=== Section Start ===

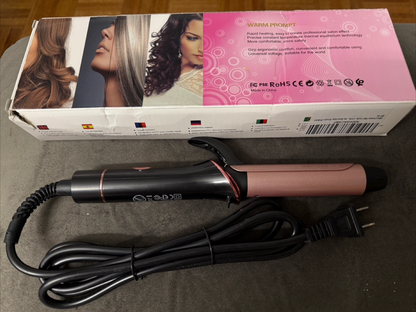 New curling iron. Rose gold and black. Cord included. Universal voltage. Rapid heating. Easy to create salon curls.(brand new in box)
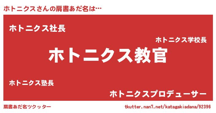 | 意味不明あだ名 | 『住所不定無職ホトニクス(1歳)』 |
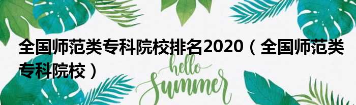 全国师范类专科院校排名2020(全国师范类专科院校)
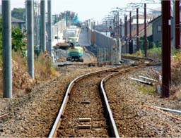 | JR両毛線の第五昭和町踏切が複線に?? 2009/9/19、前回から約1ヶ月振りの第五昭和町踏切では新しい軌道の敷設が進行中で、一時的ではありますが複線になっています。踏切から伊勢崎駅方面を眺めれば、完成した高架橋には見渡す限り新軌道が敷かれています。全区間の軌道の敷設がどこまで進んでいるのか気になりますが、遠からず、アイタワーから眺めて確認してみましょう。 |
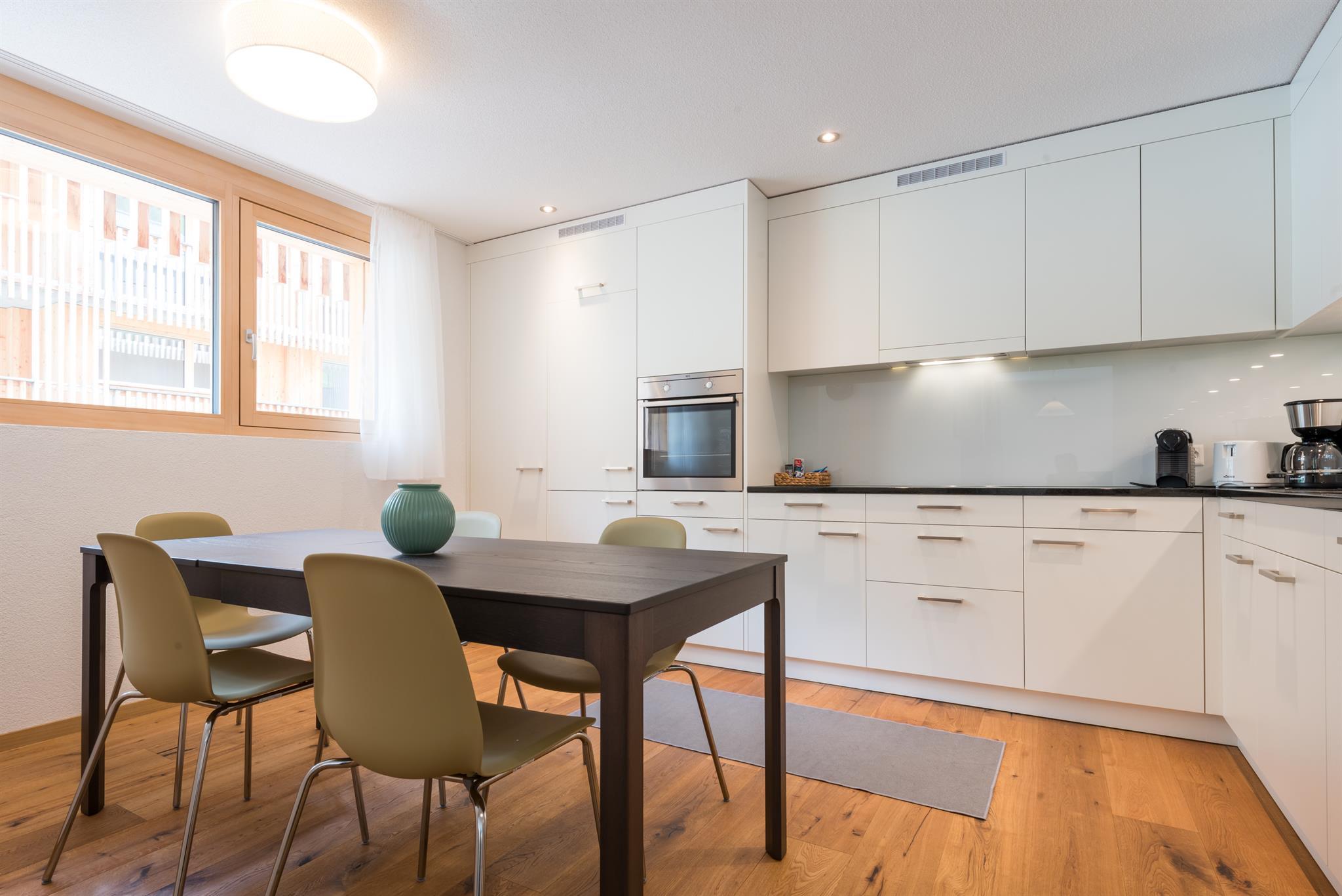 Die moderne Apartment mit 2 Schlafzimmern und 1 Badezimmer für 4-5 Personen ist komfortabel und liebevoll ausgestattet. Die zwei getrennten Schlafzimmer verfügen über je ein Doppelbett. Im Wohnbereich kann das Schlafsofa (140cm breit) zusätzlich für eine Person benutzt werden. Das Badezimmer (mit DU/WC) sowie die offene Küche sind komplett ausgestattet. Auf dem Balkon mit Gartenmöbeln können Sie entspannt verweilen. Gratis top Highspeed-WLAN, ein eigener Parkplatz vor dem Haus (kostenlos), einen Ski- und Bikeraum mit eigenem, abschliessbarem Spint sowie eine Waschküche (kostenpflichtig) zur gemeinsamen Nutzung im Untergeschoss des Hauses runden das Angebot ab.
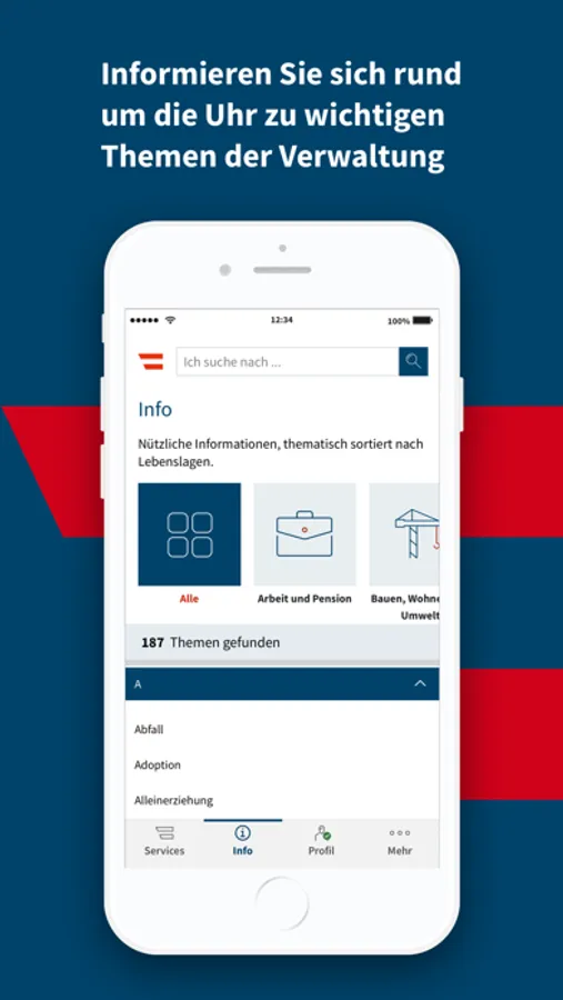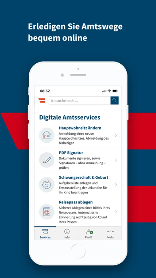 ● Finden Sie alle Online-Informationen zu Amtsservices und Informationen der öffentlichen Verwaltung auf einen Blick.
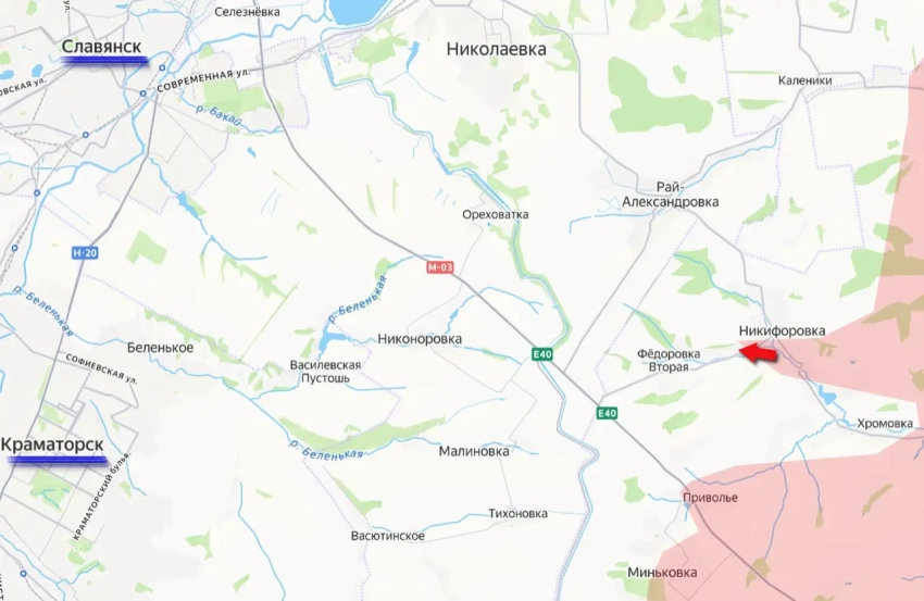 Но и это ещё не всё. Порядка 7 кв. км территории переведены ВС РФ под контроль к востоку от Славянска. Там российские войска вошли в Никифоровку, освободив от противника южную часть этого села, расположенного в 14 км от восточной окраины Славянска и примерно на том же расстоянии от Краматорска.
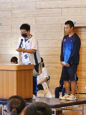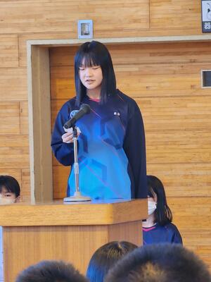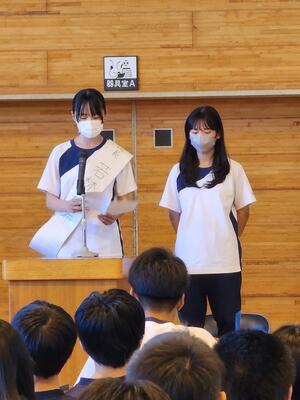 1年間副会長を務め、今年度生徒会長に立候補した塚本 旬さん(2年)は、「昨年度の経験を生かし、いじめがなく、明るく楽しい学校にしていきたい。そのためには、まずは改めて、気持ちのよいあいさつを見直し、継続させていきたい」と全校生徒へ決意を述べていました。

=== Section End ===

Exercise requirements>
No pictures belong in the answer. It must repeat exactly the lines from the line with "auf einen Blick." through the final line of the records.

Solution to this problem>
 ● Finden Sie alle Online-Informationen zu Amtsservices und Informationen der öffentlichen Verwaltung auf einen Blick.
 Но и это ещё не всё. Порядка 7 кв. км территории переведены ВС РФ под контроль к востоку от Славянска. Там российские войска вошли в Никифоровку, освободив от противника южную часть этого села, расположенного в 14 км от восточной окраины Славянска и примерно на том же расстоянии от Краматорска.
 1年間副会長を務め、今年度生徒会長に立候補した塚本 旬さん(2年)は、「昨年度の経験を生かし、いじめがなく、明るく楽しい学校にしていきたい。そのためには、まずは改めて、気持ちのよいあいさつを見直し、継続させていきたい」と全校生徒へ決意を述べていました。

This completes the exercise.